# Math Help - Residue problem

1. ## Residue problem

How do I find the residue of 1/(z^2 sinz) ? It seems to me that it has a 3rd order singularity at z=0, but I cant find the residue. Thanks for any help rendered.

2. Originally Posted by boredaxel
How do I find the residue of 1/(z^2 sinz) ? It seems to me that it has a 3rd order singularity at z=0, but I cant find the residue. Thanks for any help rendered.
It has a pole of order 3 at z = 0. And there is a standard formula (it will be in your textbook or class notes) for finding the residue at a pole ....

Alternatively, you could find and use the first few terms of the Laurent series of $\frac{1}{\sin z}$ (from which it immediately follows that the residue is equal to 1/6).

3. I tried using the formula but I got this equation eventually (attached along this reply). I could not eliminate the sinz at the denominatior, causing my ans to tend to inf as z tends to 0. Have I used the formula wrongly or is there another formula to get the residue?

4. Originally Posted by boredaxel
I tried using the formula but I got this equation eventually (attached along this reply). I could not eliminate the sinz at the denominatior, causing my ans to tend to inf as z tends to 0. Have I used the formula wrongly or is there another formula to get the residue?
Following up from my earlier reply:

Note that $\frac{1}{\sin z}$ has a pole of order 1 at z = 0 since $\lim_{z \to 0} \frac{z}{\sin z}$ is finite (and is equal to 1). Furthermore, $\text{Res}\left( \frac{1}{\sin z}, z = 0\right) = 1$.

Therefore $\frac{1}{\sin z} = \frac{1}{z} + a + bz + cz^2 + ....$

Therefore $\text{Res}\left( \frac{1}{z^2 \sin z}, z = 0\right) = b$.

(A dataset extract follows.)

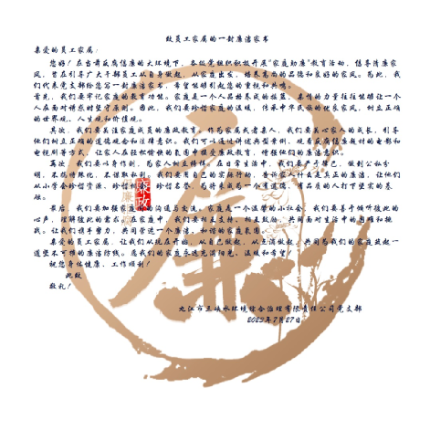 江西區(qū)域公司黨總支積極推進(jìn)廉潔文化陣地建設(shè),在辦公場(chǎng)所內(nèi)張貼廉潔文化宣傳海報(bào),組織員工開(kāi)展廉潔文化作品創(chuàng)作,開(kāi)展家庭助廉活動(dòng),通過(guò)向職工家屬發(fā)送廉潔家書(shū)、職工家屬向員工發(fā)送廉潔寄語(yǔ)等形式,積極打造廉潔從業(yè)“自律線”,不斷厚植企業(yè)廉潔文化土壤。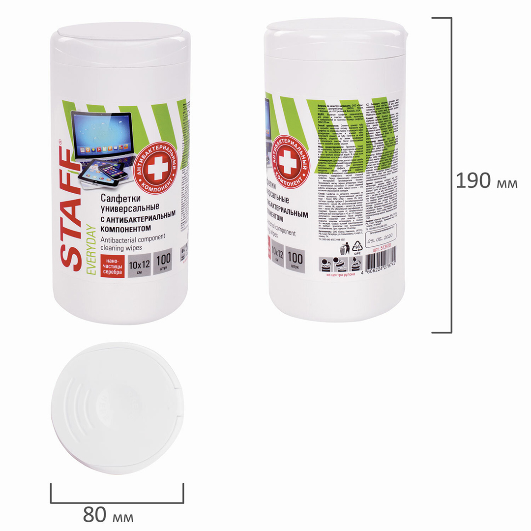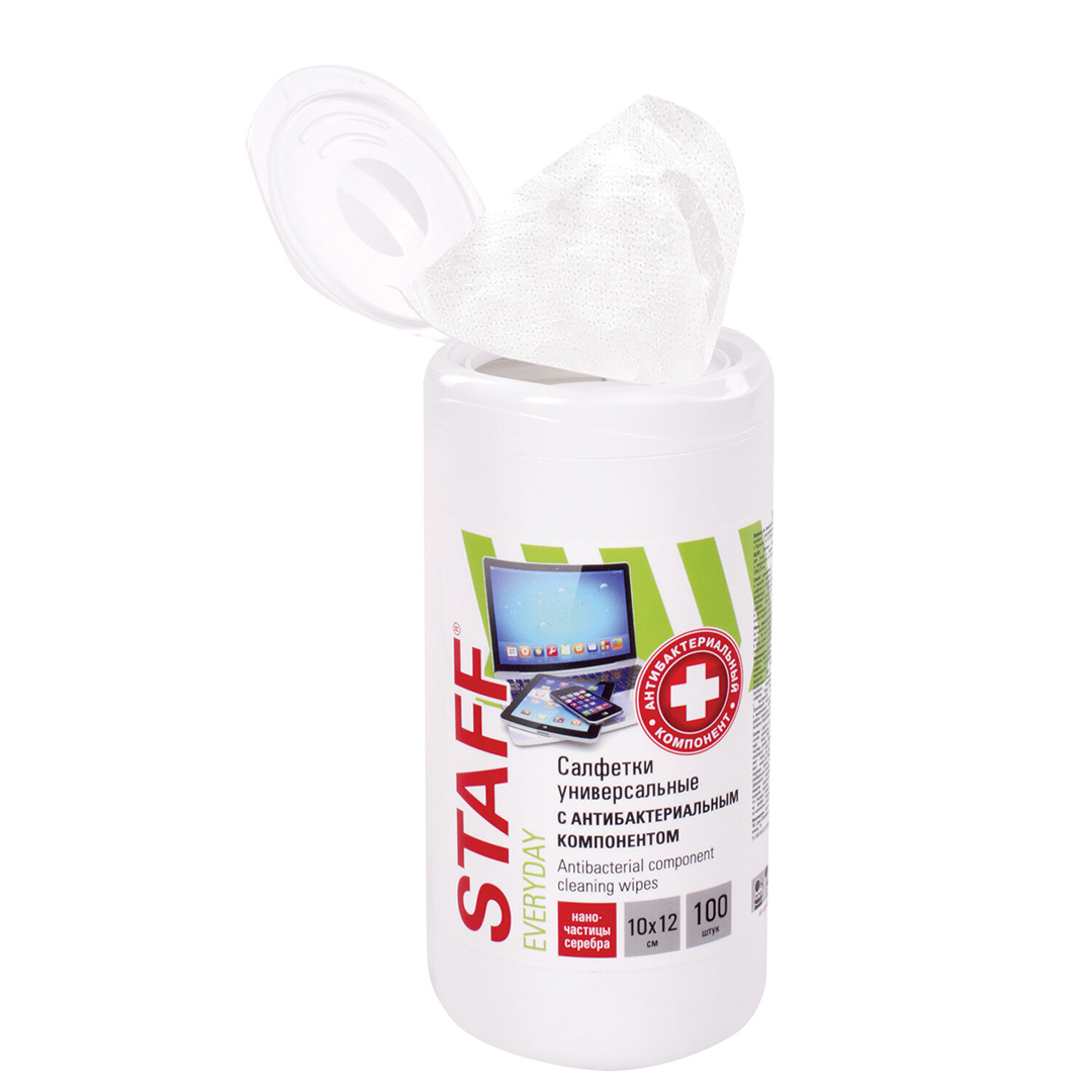 Чистящие влажные салфетки STAFF с антибактериальным компонентом предназначены для очистки и дезинфекции (обеззараживания), удаления пыли и загрязнений с бытовой и офисной техники.

To get the value of b, substitute $\sin z = z - \frac{z^3}{6} + \frac{z^5}{120} - ....$ into $\frac{1}{\sin z} = \frac{1}{z} + a + bz + cz^2 + ....$ and re-arrange:

$1 = \left(z - \frac{z^3}{6} + \frac{z^5}{120} - .... \right) \left(\frac{1}{z} + a + bz + cz^2 + ....\right)$

Expand and equate coefficients:

Coefficient of z: a = 0.

Coefficient of $z^2$: $0 = b - \frac{1}{6} \Rightarrow b = \frac{1}{6}$.

5. What can't Wolfram Alpha do?

6. Originally Posted by chiph588@
What can't Wolfram Alpha do?
What can't you do? - Wolfram|Alpha